All of this reinforces a point that our China team has been making for a while – namely that policy support would ultimately put a floor under the slowdown in growth that began (at least according to our own China Activity Proxy, or CAP) in mid-2018. This has naturally led clients to ask: what will the subsequent recovery look like?

Our China service is the place to look for detailed analysis but the short point is that, while the monthly data are likely to bounce around, we don’t really expect a meaningful recovery in growth over the next 6-12 months. Policymakers in Beijing are more cognisant now than in the past of financial vulnerabilities stemming from rising debt levels. Accordingly, the scale of policy stimulus this time has been much smaller than in previous downturns. Beijing has done enough to stabilise the economy but investors betting on a vigorous recovery in growth are likely to be disappointed.

Meanwhile, there is a potentially much bigger issue rumbling along in the background that’s received much less attention. As we’ve argued in the past, China has been facing two slowdowns: a cyclical one, and a structural one. Policy stimulus can counter cyclical weakness. But China’s structural challenges require a different response, focused on addressing deeper-seated constraints that have built in its economy.

As things stand, there is little evidence that policymakers have an appetite for the reforms needed to reverse China’s secular decline in productivity growth. Accordingly, while overall GDP growth will fluctuate across the cycle, it will remain on a downward trend over the long run. We’ve argued that annual GDP growth could fall to as low as 2% over the next 10-15 years.

At first sight this sounds like an existential threat to the rest of the world economy. After all, the sheer size of China means that a slowdown in its growth rate from around 5% a year on our CAP measure now to 2% over the next decade or so would, on its own, shave about 0.5%-pts off annual global GDP growth. What’s more, a combination of a falling investment rate and persistently high savings rate means that (contrary to the prevailing consensus) we suspect that China’s current account surplus may actually rebound as growth slows. This would be a drain on demand in the rest of the world.

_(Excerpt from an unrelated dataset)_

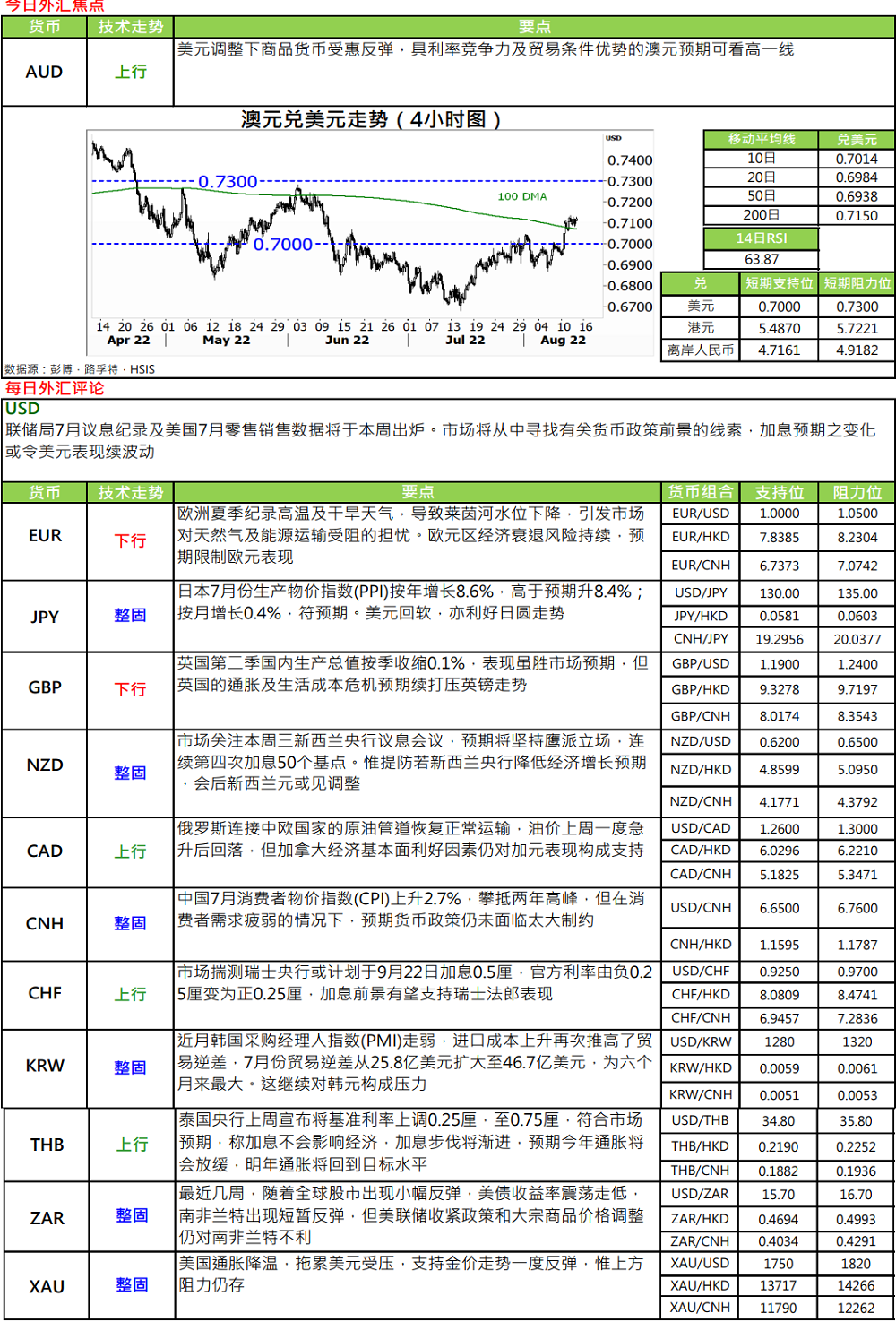 · 本周市场焦点均集中于周三(17 日) 首先,为新西兰央行将举行议息会,由于通胀仍远高于央行 1-3%目标,再加息 50 基点至 3 厘水平已达市场共识。市场关注在高于 2%的中性利率水平之下,央行强硬的政策立场会否转变。此外 ,联储局将于同日公开 7 月份议息纪录,市场期望能从中寻找货币政策线索。不过,由于会后多数委员均已表态,同意未来利率走势将取决于经济数据,可预期议息纪录能给予市场惊喜的机会不大。

However, in practice the implications for other economies of China’s long-term slowdown is likely to be more nuanced than the headline numbers suggest. For the US, Europe and other developed economies the headwinds posed by a slowing Chinese economy over the long term are in fact likely to be overwhelmed by other factors – most notably whether the development of digital technologies ultimately feed into faster productivity growth. In contrast, industrial commodity producers (particularly in Latin America and Africa) are likely to bear the brunt of China’s structural weakness as demand for the raw materials that were sucked in by its investment boom over the past decade wanes. (For more on all of this, readers should refer to this recent publication.) Either way, the key point for investors is to not lose sight of the fact that, while the near-term outlook for China appears to have improved a bit, the long-term challenges remain daunting.